License-File: LICENSE
Keywords: cve,cybersecurity,dfir,extraction,indicators-of-compromise,ioc,malware,mitre-attack,threat-actor,threat-intelligence
Classifier: Development Status :: 4 - Beta
Classifier: Intended Audience :: Developers
Classifier: Intended Audience :: Information Technology
Classifier: License :: OSI Approved :: MIT License
Classifier: Programming Language :: Python :: 3
Classifier: Programming Language :: Python :: 3.9
Classifier: Programming Language :: Python :: 3.10
Classifier: Programming Language :: Python :: 3.11
Classifier: Programming Language :: Python :: 3.12
Classifier: Topic :: Security
Classifier: Topic :: Software Development :: Libraries :: Python Modules
Requires-Python: >=3.9
Requires-Dist: tldextract>=3.4
Provides-Extra: dev
Requires-Dist: build>=1.0; extra == 'dev'
Requires-Dist: pytest>=7; extra == 'dev'
Requires-Dist: requests>=2.25; extra == 'dev'
Requires-Dist: ruff>=0.4; extra == 'dev'
Requires-Dist: twine>=5.0; extra == 'dev'
Provides-Extra: mitre
Requires-Dist: requests>=2.25; extra == 'mitre'
Description-Content-Type: text/markdown

# iocflow

[![CI](https://github.com/vinayvobbili/iocflow/actions/workflows/ci.yml/badge.svg)](https://github.com/vinayvobbili/iocflow/actions/workflows/ci.yml)
[![PyPI](https://img.shields.io/pypi/v/iocflow)](https://pypi.org/project/iocflow/)
[![Python](https://img.shields.io/pypi/pyversions/iocflow)](https://pypi.org/project/iocflow/)
[![License](https://img.shields.io/pypi/l/iocflow)](https://github.com/vinayvobbili/iocflow/blob/main/LICENSE)

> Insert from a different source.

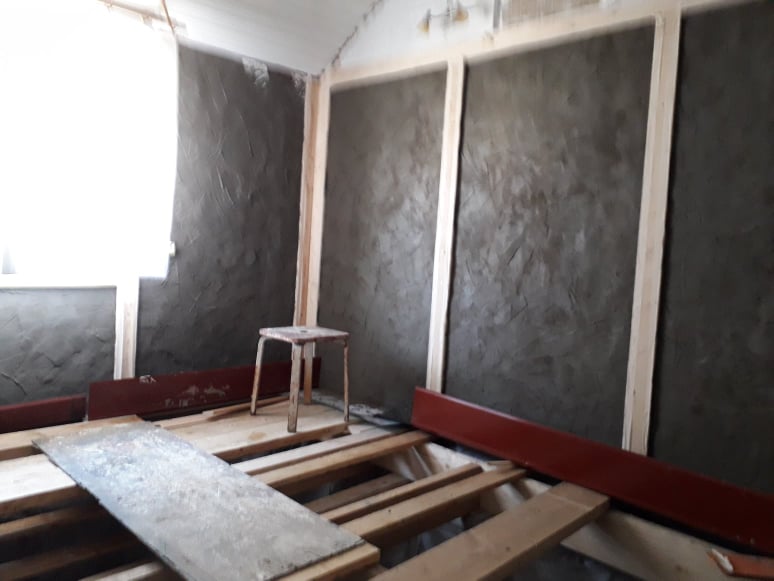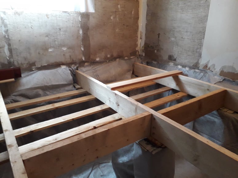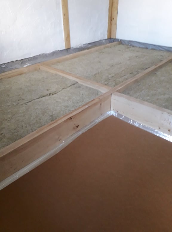 14 m2 puitpõranda (laud+papp+alustalad ja must laudis) lammutamine. 50 cm mullatäidise väljevedu aeda. Põllukivist vundamendi puhastamine ja krohvimine. Tuulutusavade korrastamine. Geotekstiili paigaldamine põrandale ja vundamendile. Põranda alustalaprusside pesad vundamendi servadele Põranda alustalade paigaldus. Musta laudise paigaldus. Puidukaitsevahendiga töötlus. Tuuletõkkeplaatide paigaldus. Kivivilla paigaldus. laudpõranda paigaldus. Põranda lakkimine. Fotod on kõrvaltoa põranda ehitusest. Ehituse ajal ööbimisvõimalus.
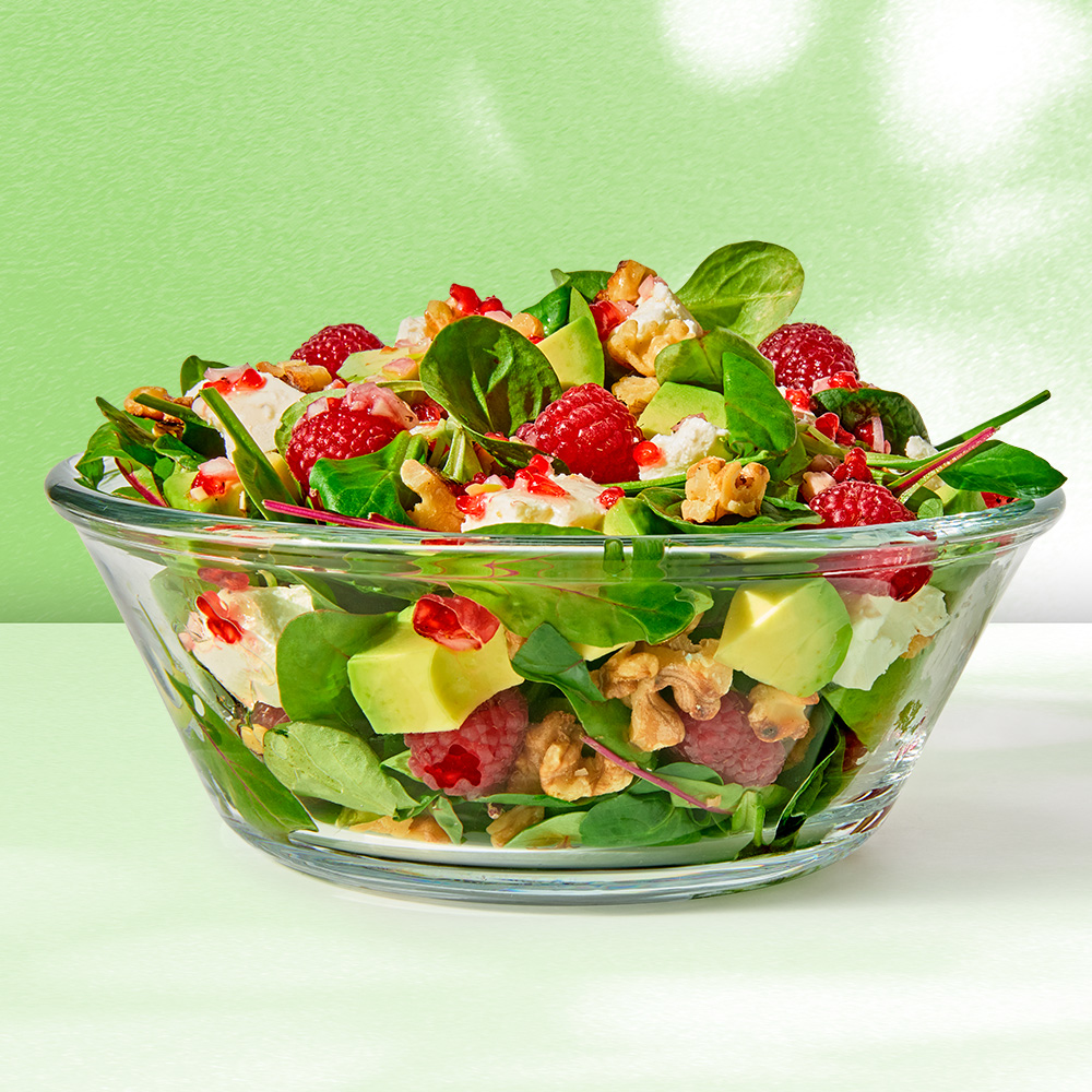 - Legg salatbladene i en stor bolle sammen med 2 dl av bringebærene, avokadoen skåret i terninger og chèvren revet opp i grove biter.

Pull **indicators of compromise** out of unstructured text — threat-intel
reports, advisories, emails, tickets — in one call. iocflow extracts IPs,
domains, URLs, filenames, file hashes, CVEs, MITRE ATT&CK technique IDs, threat
actors, and malware families, with the false-positive defenses you'd otherwise
write by hand: a Public Suffix List domain validator, benign-domain/IP
allowlists, hash de-duplication across MD5/SHA1/SHA256, and re-fanging of
defanged IOCs.

```python
from iocflow import extract

text = """
APT28 (a.k.a. Fancy Bear) staged Cobalt Strike from evil-domain[.]ru and
185.220.101.5, dropping install.ps1 (MD5 a1b2c3d4e5f6a1b2c3d4e5f6a1b2c3d4).
Exploited CVE-2021-44228 via T1190. Contact: ops@evil-domain[.]ru.
"""

entities = extract(text)
print(entities.summary())
# 1 IPs, 1 domains, 1 filenames, 1 hashes, 1 CVEs, 1 emails, 1 threat actors, 1 MITRE techniques

for ind in entities.iter_indicators():
    print(ind.kind, ind.value)
# ip 185.220.101.5
# domain evil-domain.ru
# ...
```

The defanged `evil-domain[.]ru` and `ops@evil-domain[.]ru` are re-fanged
automatically; `185.220.101.5` is kept while private/benign IPs are dropped.

## Install

```bash
pip install iocflow              # core — one dependency (tldextract)
pip install "iocflow[mitre]"     # + a ready-made MITRE ATT&CK malware-name source
```

## What it extracts

`extract(text)` returns an `ExtractedEntities` with:

- `ips` — public IPv4, excluding private ranges, benign IPs, and version-number-like values
- `domains` — validated against the Mozilla Public Suffix List via `tldextract`
- `urls` — both `https://…` and bare `host/path` forms (so package-registry paths survive)
- `filenames` — suspicious script/executable/macro/archive filenames
- `hashes` — `{"md5": [...], "sha1": [...], "sha256": [...]}`, de-duplicated across lengths
- `cves` — `CVE-YYYY-NNNN+`, normalized to uppercase
- `emails`
- `mitre_techniques` — `T1059`, `T1059.001`, …
- `threat_actors` (+ `threat_actors_enriched`) — APT/UNC/FIN/TA/DEV/STORM designators,
  a curated well-known list, and the `"<Name> ransomware"` pattern
- `malware_families` — populated when you supply a malware-name source (see below)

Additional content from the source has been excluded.